> [Given data]
********************
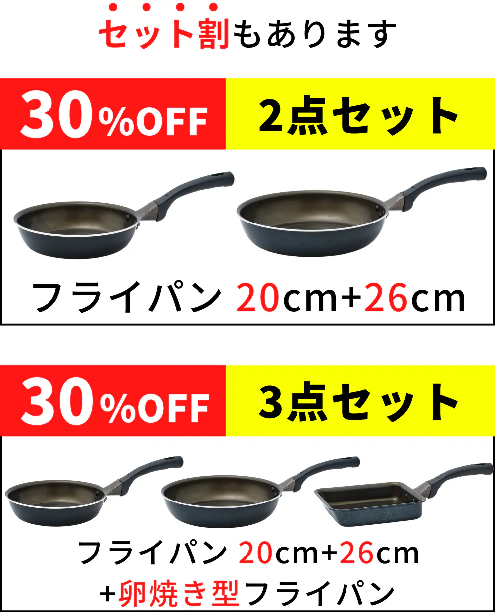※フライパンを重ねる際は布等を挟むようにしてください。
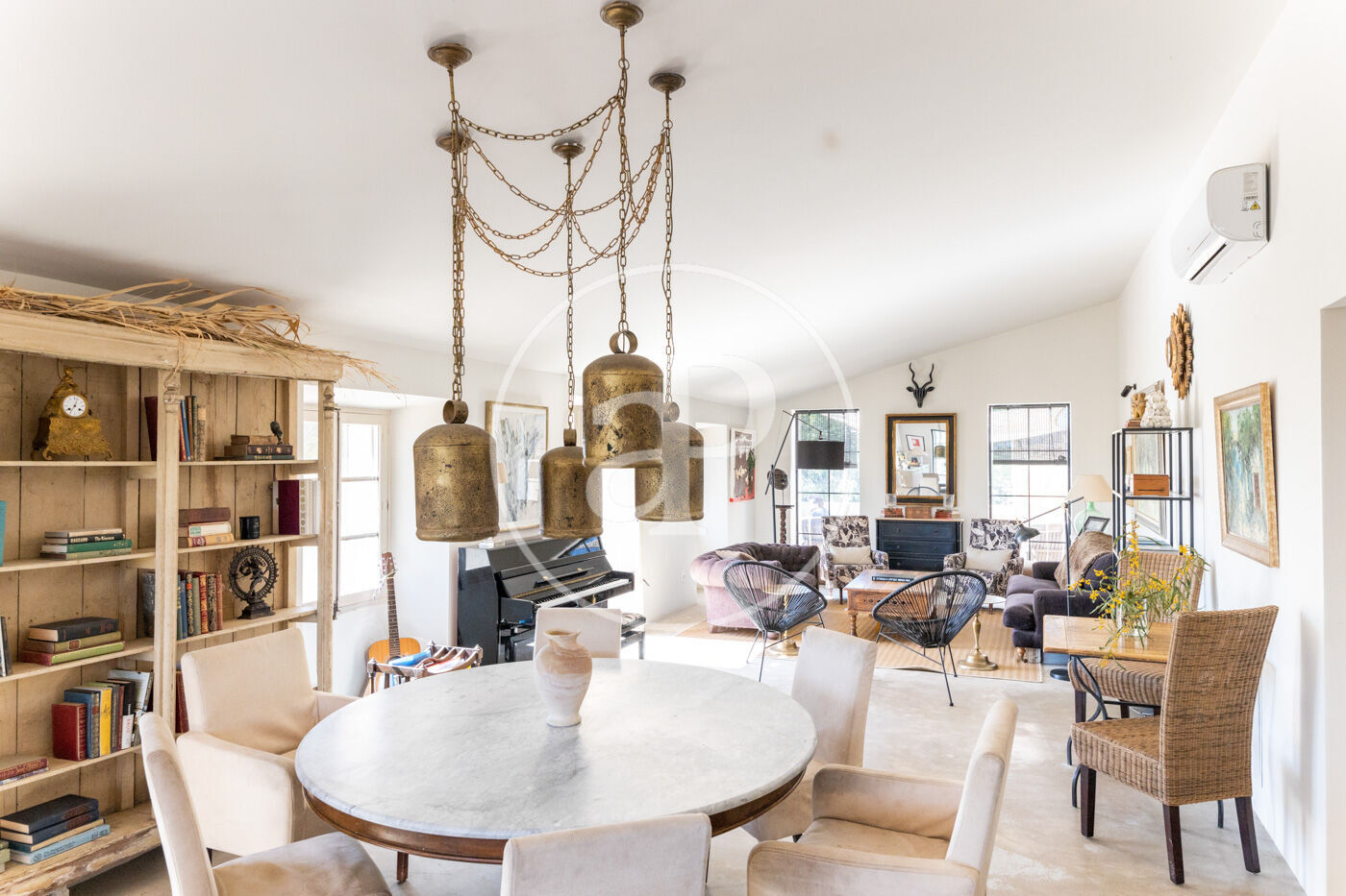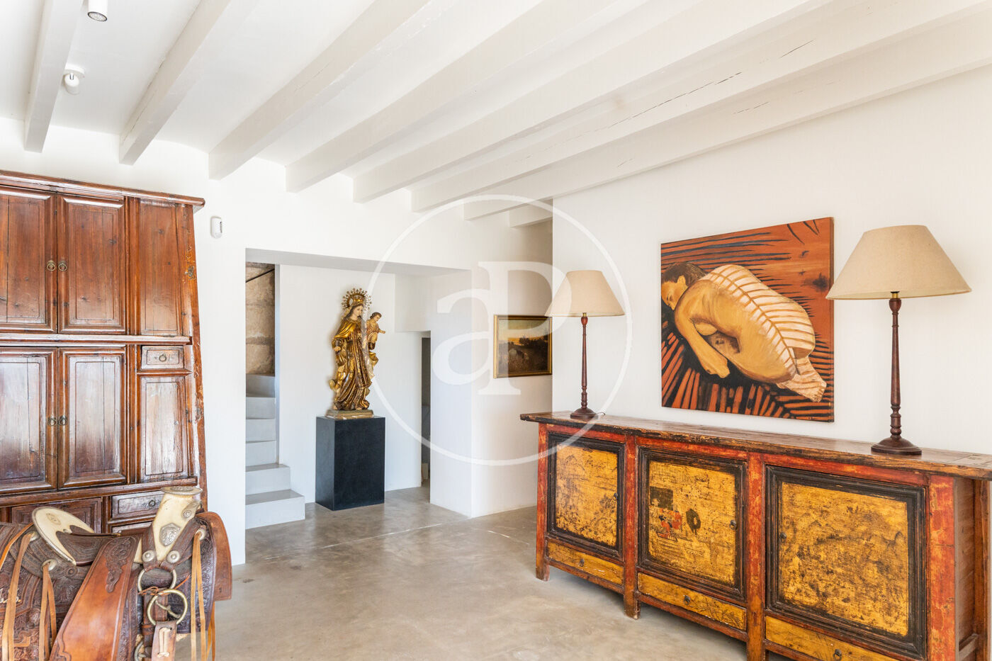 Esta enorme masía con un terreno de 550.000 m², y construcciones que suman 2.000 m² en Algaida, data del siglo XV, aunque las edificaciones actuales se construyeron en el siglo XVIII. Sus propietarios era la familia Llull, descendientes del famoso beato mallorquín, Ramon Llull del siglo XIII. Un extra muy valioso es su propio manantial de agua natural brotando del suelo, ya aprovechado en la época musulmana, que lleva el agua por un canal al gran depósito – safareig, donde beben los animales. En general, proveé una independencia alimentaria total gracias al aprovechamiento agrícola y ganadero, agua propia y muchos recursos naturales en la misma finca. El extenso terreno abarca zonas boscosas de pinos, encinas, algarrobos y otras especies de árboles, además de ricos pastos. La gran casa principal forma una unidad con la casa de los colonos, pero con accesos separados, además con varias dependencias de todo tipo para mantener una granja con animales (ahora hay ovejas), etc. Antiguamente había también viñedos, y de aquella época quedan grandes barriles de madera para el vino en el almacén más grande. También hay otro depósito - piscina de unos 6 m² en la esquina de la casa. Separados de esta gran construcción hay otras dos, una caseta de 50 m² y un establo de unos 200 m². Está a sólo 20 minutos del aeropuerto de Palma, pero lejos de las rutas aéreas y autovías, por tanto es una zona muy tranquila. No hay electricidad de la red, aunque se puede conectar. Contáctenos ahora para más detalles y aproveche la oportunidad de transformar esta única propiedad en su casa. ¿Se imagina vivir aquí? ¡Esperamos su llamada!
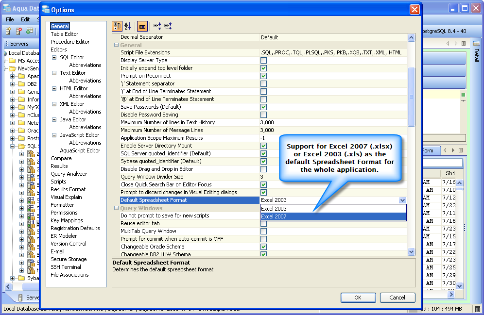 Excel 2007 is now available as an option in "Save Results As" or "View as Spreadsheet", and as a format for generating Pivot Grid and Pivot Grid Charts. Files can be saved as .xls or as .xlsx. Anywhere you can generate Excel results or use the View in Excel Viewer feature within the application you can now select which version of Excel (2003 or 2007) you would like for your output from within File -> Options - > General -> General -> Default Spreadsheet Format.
********************
> [Exercise aim]
The line with "Esta enorme masía" ends the range, and the first line of the data begins it; repeat exactly those lines and nothing more, omitting pictures.

> [Output of the exercise]
※フライパンを重ねる際は布等を挟むようにしてください。
 Esta enorme masía con un terreno de 550.000 m², y construcciones que suman 2.000 m² en Algaida, data del siglo XV, aunque las edificaciones actuales se construyeron en el siglo XVIII. Sus propietarios era la familia Llull, descendientes del famoso beato mallorquín, Ramon Llull del siglo XIII. Un extra muy valioso es su propio manantial de agua natural brotando del suelo, ya aprovechado en la época musulmana, que lleva el agua por un canal al gran depósito – safareig, donde beben los animales. En general, proveé una independencia alimentaria total gracias al aprovechamiento agrícola y ganadero, agua propia y muchos recursos naturales en la misma finca. El extenso terreno abarca zonas boscosas de pinos, encinas, algarrobos y otras especies de árboles, además de ricos pastos. La gran casa principal forma una unidad con la casa de los colonos, pero con accesos separados, además con varias dependencias de todo tipo para mantener una granja con animales (ahora hay ovejas), etc. Antiguamente había también viñedos, y de aquella época quedan grandes barriles de madera para el vino en el almacén más grande. También hay otro depósito - piscina de unos 6 m² en la esquina de la casa. Separados de esta gran construcción hay otras dos, una caseta de 50 m² y un establo de unos 200 m². Está a sólo 20 minutos del aeropuerto de Palma, pero lejos de las rutas aéreas y autovías, por tanto es una zona muy tranquila. No hay electricidad de la red, aunque se puede conectar. Contáctenos ahora para más detalles y aproveche la oportunidad de transformar esta única propiedad en su casa. ¿Se imagina vivir aquí? ¡Esperamos su llamada!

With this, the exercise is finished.